Get the container’s init PID:

PID=$(docker inspect <container> --format '{{.State.Pid}}')
echo "$PID"

Then:

cat /proc/$PID/cgroup

On cgroups v2, you’ll see a single line like 0::/docker/<id>
On v1, you’ll see multiple controllers, including memory:/docker/<id>

7.2 Read memory limits and current usage (cgroups v2)

If your system uses cgroups v2, find the cgroup directory:

CGROUP_PATH=$(cat /proc/$PID/cgroup | awk -F: '{print $3}')
CGROUP_DIR="/sys/fs/cgroup${CGROUP_PATH}"
echo "$CGROUP_DIR"

Now read key files:

cat "$CGROUP_DIR/memory.max"
cat "$CGROUP_DIR/memory.current"
cat "$CGROUP_DIR/memory.events"
cat "$CGROUP_DIR/memory.stat" | head -n 50

Interpretation:

memory.max: the limit (max means unlimited)
memory.current: current usage in bytes
memory.events: counters like oom, oom_kill, and high
memory.stat: breakdown (anon, file, slab, etc.)

If memory.events shows increasing oom_kill, you have confirmed cgroup-level OOM kills.

7.3 Read memory limits and current usage (cgroups v1)

If using v1, the memory controller is typically:

MEM_CGROUP_PATH=$(cat /proc/$PID/cgroup | awk -F: '$2 ~ /memory/ {print $3}')
MEM_DIR="/sys/fs/cgroup/memory${MEM_CGROUP_PATH}"
echo "$MEM_DIR"

Read:

cat "$MEM_DIR/memory.limit_in_bytes"
cat "$MEM_DIR/memory.usage_in_bytes"
cat "$MEM_DIR/memory.max_usage_in_bytes"
cat "$MEM_DIR/memory.failcnt"
cat "$MEM_DIR/memory.stat" | head -n 50

memory.failcnt increments when allocations fail due to the limit.
memory.max_usage_in_bytes shows historical peak usage.

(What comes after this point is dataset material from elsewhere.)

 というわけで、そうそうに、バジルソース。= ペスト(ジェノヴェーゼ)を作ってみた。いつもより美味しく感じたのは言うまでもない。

8. Common root causes (and how to confirm them)

8.1 Memory leak

Pattern: memory usage grows steadily over time and never returns.

How to confirm:

docker stats shows a consistent upward trend.
Application-level metrics show heap growth (if instrumented).
Heap dumps/profiling reveal retained objects.

What to do:

Fix the leak in code or dependencies.
Add periodic restarts only as a temporary mitigation (not a real fix).

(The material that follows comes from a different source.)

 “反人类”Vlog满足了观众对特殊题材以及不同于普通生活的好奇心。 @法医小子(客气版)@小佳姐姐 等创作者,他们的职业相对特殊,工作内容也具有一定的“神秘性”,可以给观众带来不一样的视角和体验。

8.2 Unbounded caches (JVM, Node, Python, Go)

Many runtimes use memory aggressively for performance (caches, JIT, arenas). In containers, this can exceed limits if not configured.

Confirm:

Memory usage grows until plateauing near the limit.
No obvious “leak” in heap, but RSS keeps increasing.

Examples:

JVM: heap not capped relative to container; metaspace/direct buffers too large.
Node.js: default --max-old-space-size may not match container size.
Go: GC target may allow higher RSS; memory arenas may not return to OS quickly.
Python: allocator fragmentation; memory not returned to OS.

8.3 Too low memory limit / wrong sizing

Pattern: OOM happens under normal load, often after a deployment or traffic increase.

Confirm:

Container memory limit is small (e.g., 256MiB) compared to typical usage.
OOM occurs even without leaks.

Fix:

Increase limit and/or reduce workload per container instance.
Scale horizontally (more replicas) rather than only vertical scaling.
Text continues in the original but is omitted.